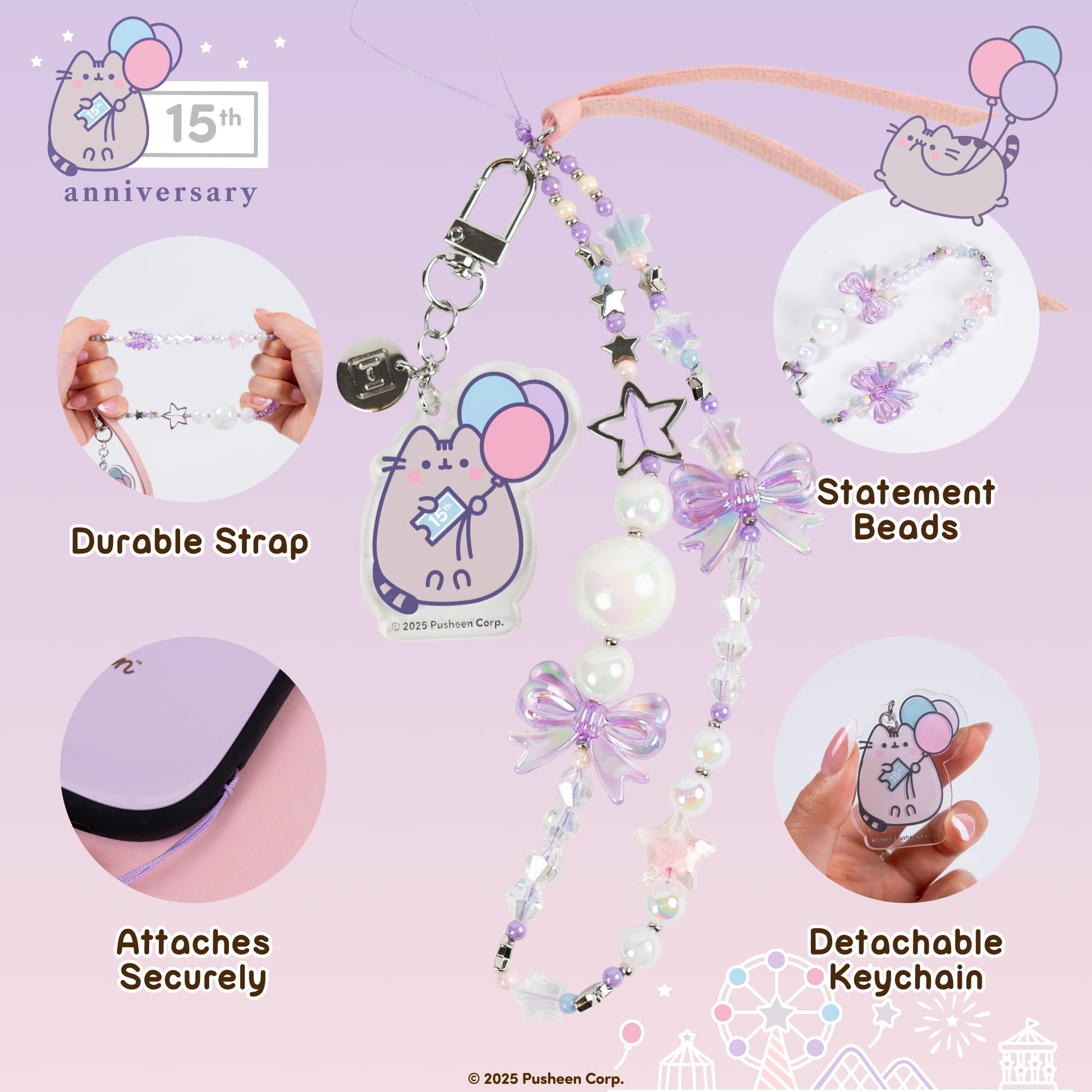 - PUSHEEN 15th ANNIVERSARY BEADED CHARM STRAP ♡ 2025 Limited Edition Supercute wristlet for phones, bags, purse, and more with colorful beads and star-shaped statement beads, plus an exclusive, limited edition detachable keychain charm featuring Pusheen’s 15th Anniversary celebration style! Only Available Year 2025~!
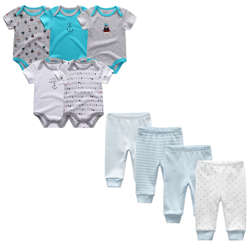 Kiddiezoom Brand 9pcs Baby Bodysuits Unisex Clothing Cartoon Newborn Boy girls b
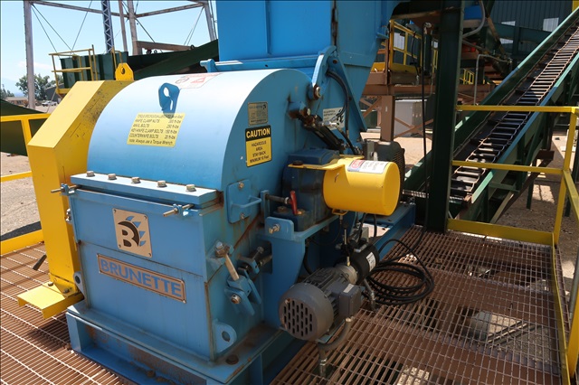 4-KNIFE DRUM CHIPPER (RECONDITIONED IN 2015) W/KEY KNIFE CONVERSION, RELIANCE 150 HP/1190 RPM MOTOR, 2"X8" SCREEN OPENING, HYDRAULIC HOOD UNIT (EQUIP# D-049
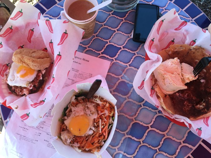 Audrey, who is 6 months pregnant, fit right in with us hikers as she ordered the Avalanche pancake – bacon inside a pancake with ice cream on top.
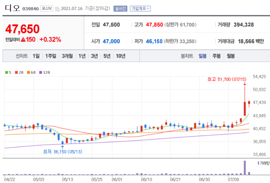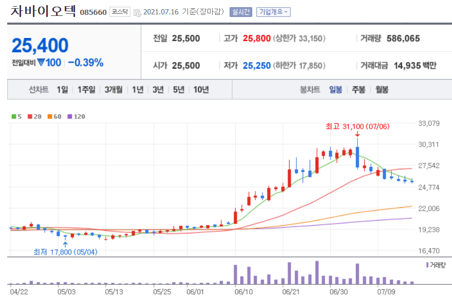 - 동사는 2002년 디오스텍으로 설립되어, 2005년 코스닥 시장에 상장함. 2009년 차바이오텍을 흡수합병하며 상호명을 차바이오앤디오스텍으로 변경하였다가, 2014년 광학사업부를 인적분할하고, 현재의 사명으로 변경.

--

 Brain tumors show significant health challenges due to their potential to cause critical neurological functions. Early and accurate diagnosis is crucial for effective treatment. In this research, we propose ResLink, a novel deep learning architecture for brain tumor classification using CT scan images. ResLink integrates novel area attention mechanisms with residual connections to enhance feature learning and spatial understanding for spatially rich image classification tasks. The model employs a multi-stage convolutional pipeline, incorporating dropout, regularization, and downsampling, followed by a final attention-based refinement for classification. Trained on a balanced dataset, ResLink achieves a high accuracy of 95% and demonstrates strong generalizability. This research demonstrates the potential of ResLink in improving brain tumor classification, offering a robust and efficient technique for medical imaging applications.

--

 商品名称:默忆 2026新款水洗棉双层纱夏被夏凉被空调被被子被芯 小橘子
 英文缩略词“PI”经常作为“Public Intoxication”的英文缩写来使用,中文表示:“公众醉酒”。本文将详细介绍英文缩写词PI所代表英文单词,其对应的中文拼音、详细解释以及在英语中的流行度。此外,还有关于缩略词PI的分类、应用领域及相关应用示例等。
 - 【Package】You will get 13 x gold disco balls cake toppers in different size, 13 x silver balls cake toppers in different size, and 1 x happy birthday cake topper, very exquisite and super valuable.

What the exercise asks> Take the listing above and repeat exactly the lines from the one containing "商品名称:默忆 2026新款水洗棉双层纱夏被夏凉被空调被被子被芯 小橘子" through the one containing "- 【Package】You will", both included.

Output of the task>
 商品名称:默忆 2026新款水洗棉双层纱夏被夏凉被空调被被子被芯 小橘子
 英文缩略词“PI”经常作为“Public Intoxication”的英文缩写来使用,中文表示:“公众醉酒”。本文将详细介绍英文缩写词PI所代表英文单词,其对应的中文拼音、详细解释以及在英语中的流行度。此外,还有关于缩略词PI的分类、应用领域及相关应用示例等。
 - 【Package】You will get 13 x gold disco balls cake toppers in different size, 13 x silver balls cake toppers in different size, and 1 x happy birthday cake topper, very exquisite and super valuable.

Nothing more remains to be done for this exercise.